Мастер тайного знания осторожно пригубил сок из высокого бокала. Нельзя сказать, что во владениях госпожи он опасался быть отравленным, но при любом упоминании о Минванаби его охватывали смутные подозрения. Чтобы понапрасну не тревожить госпожу, он постарался говорить без излишней серьезности:

— А уж у кого такая армия, как у Десио, тому и подавно сопутствует везенье. Сам по себе Десио слаб; его сила — в тех, кто ему служит. — Аракаси опустил бокал на стол. — Он перенял низменные страсти отца, но не унаследовал твердую волю. Если бы не бдительность военачальника Ирриланди, враги сразу слетелись бы на богатства Десио, как зубастые джаггуны на падаль. — Соединив кончики пальцев, Аракаси продолжал. — Военачальник Ирриланди самолично проверял все сторожевые посты. После смерти Джингу нашлось множество охотников испытать на прочность рубежи его владений, но мало кто ушел живым от солдат Минванаби.

— Среди нападавших были и Ксакатекасы, — напомнила Мара.

Аракаси кивнул:

— Они терпеть не могут семейство Минванаби. Мой тайный агент, внедрившийся во владения правителя Чипино, сообщает, что первый советник дома Ксакатекасов высказывался о возможности союза с Акомой. Другие члены совета пока против; они говорят, что ты уже достигла своей вершины и вскоре потеряешь почву под ногами. Что же до Чипино Ксакатекаса, он выслушивает каждого, но не спешит принимать решения.

Мара удивленно подняла брови. Ксакатекасы принадлежали к Пяти Великим Семьям. Победа над Джингу укрепила влияние Акомы; если бы советники Чипино пошли на переговоры о возможном союзе, это было бы равносильно объявлению войны дому Минванаби. Впрочем, даже Шиндзаваи, дружески расположенные к Маре, тщательно обходили вопрос о заключении альянса, до поры до времени сохраняя нейтралитет.

— Однако оставим Ксакатекаса, — продолжил Аракаси. — Десио не способен принимать самостоятельные политические решения: он обратится за поддержкой к советникам и сородичам. Власть распределится между несколькими персонами, что весьма затруднит работу моих осведомителей. Поэтому наши политические прогнозы станут менее надежными, а о ближайших планах Минванаби мы рискуем и вовсе ничего не узнать.

Мара смотрела, как по тарелке с фруктами медленно ползет муха, пробуя сок каждого плода. Вот так и Десио будет двигаться от одного властолюбца к другому, питаясь чужими соками и готовясь к уничтожению рода Акома.
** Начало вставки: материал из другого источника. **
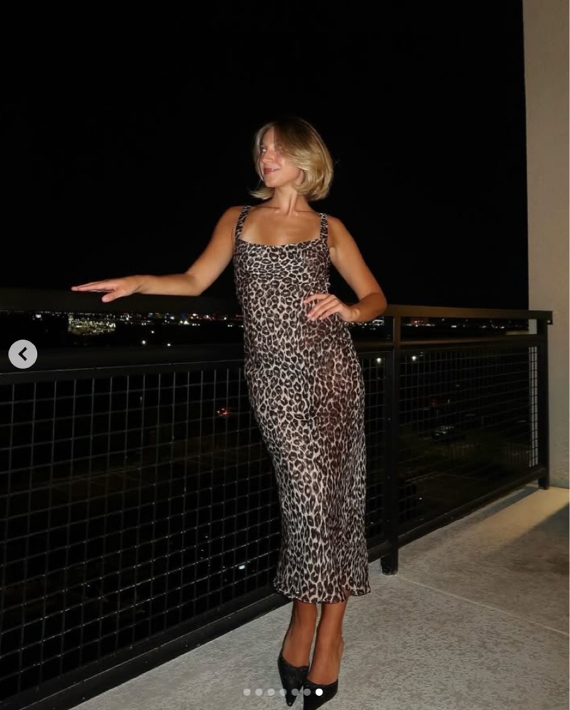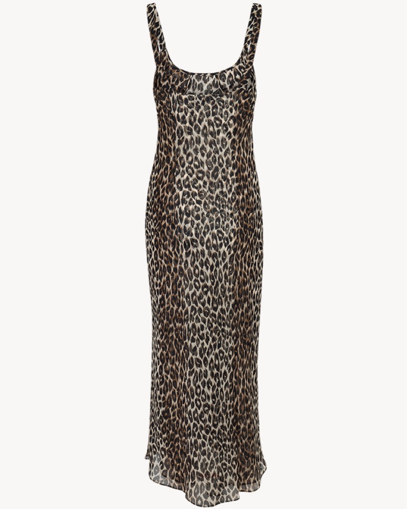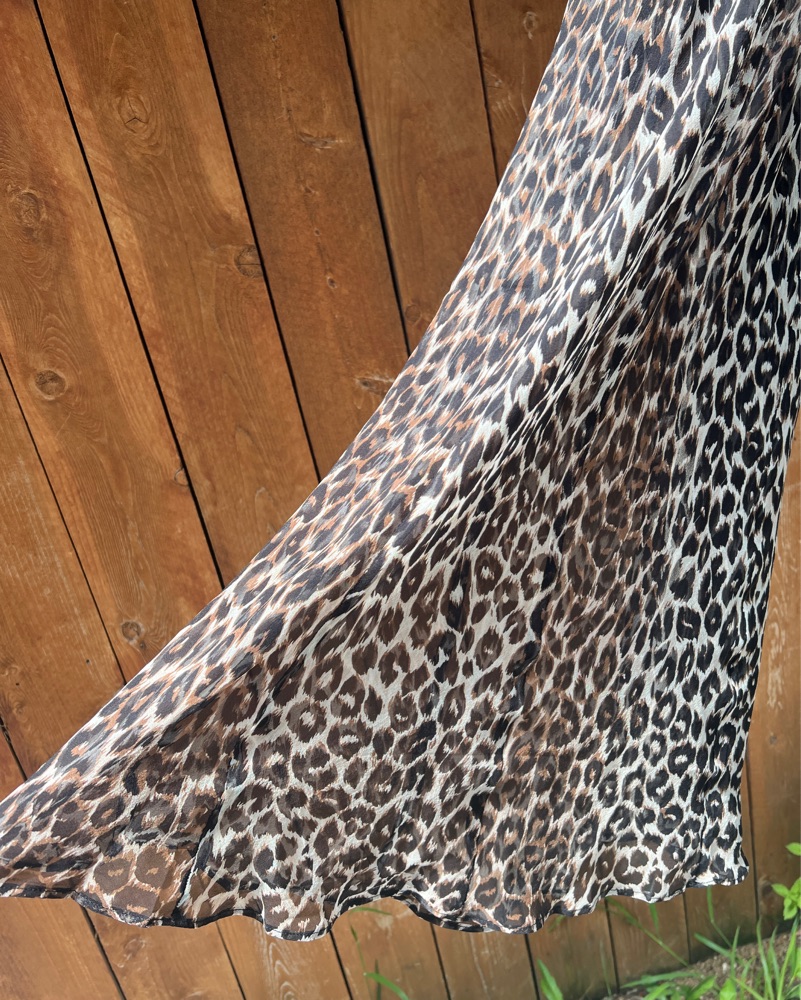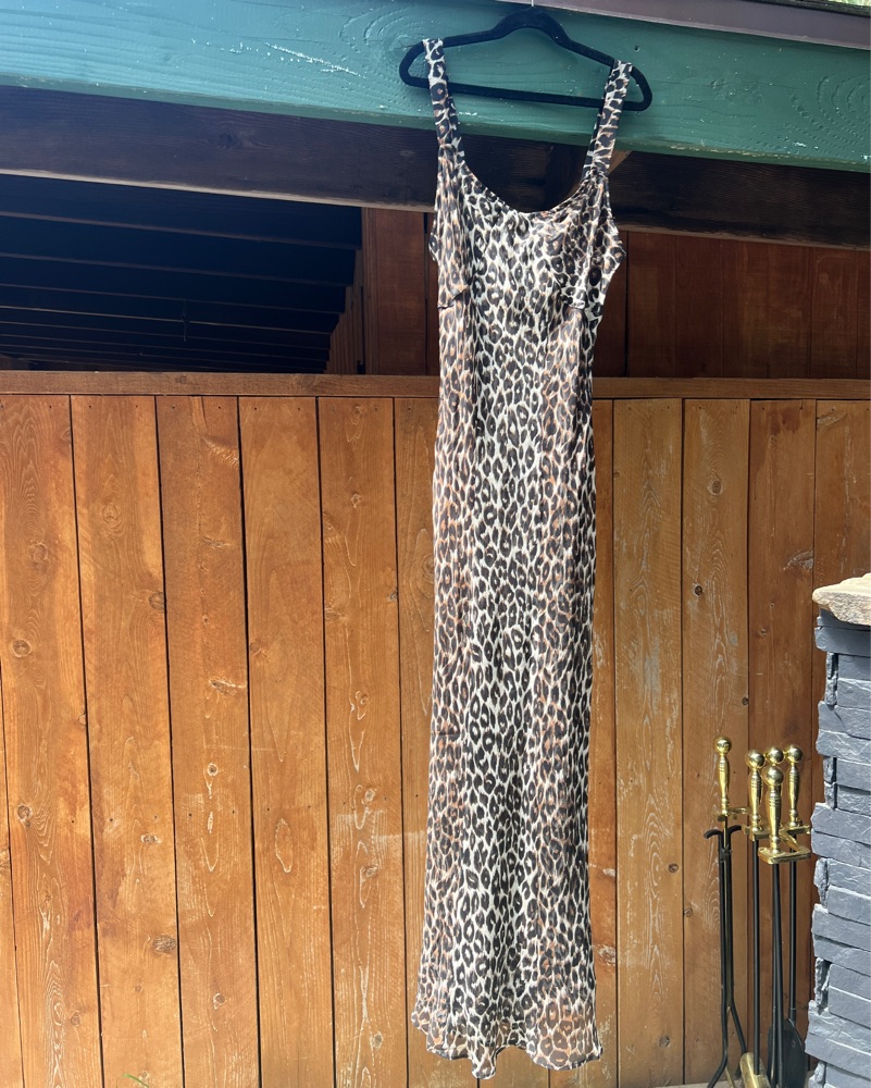 Just purchased from the new collection! Double paneled layered leopard print midi dress in silk georgette. Bias cut, slip on, no zip. Not see-through, fits TTS. Size Small

Муха впилась в ломтик йомаха, и вдруг откуда-то налетело с десяток таких же насекомых.

— Нам еще повезло, что Тасайо отправлен на войну с Мидкемией, — вслух подумала Мара.

Аракаси подался вперед:

— Наше везение кончилось, госпожа. Виновник гибели твоего отца и брата сегодня возвращается из-за Бездны. Через две недели Десио собирает своих родных и сторонников, чтобы привести их к присяге на верность. Но и это еще не все. Он заплатил металлом за возведение жертвенника в честь Красного бога.

Властительница Акомы замерла.

— Тасайо очень опасен.

— И столь же честолюбив, — добавил Аракаси. — Если Десио движим низменными плотскими страстями, то его двоюродного брата интересуют только война и власть. Пока Десио остается главой дома Минванаби, Тасайо будет удовлетворять свои амбиции, командуя имперскими войсками и числясь на службе у кузена — хотя втихомолку будет мечтать о том, чтобы двоюродный братец подавился костью. Не исключено, что Тасайо воспользуется имперской армией, чтобы отомстить за падение своего рода. Если он нанесет сокрушительное поражение Акоме. и ударит по другим Великим Семьям, то Десио займет в Совете место рядом с Имперским Стратегом.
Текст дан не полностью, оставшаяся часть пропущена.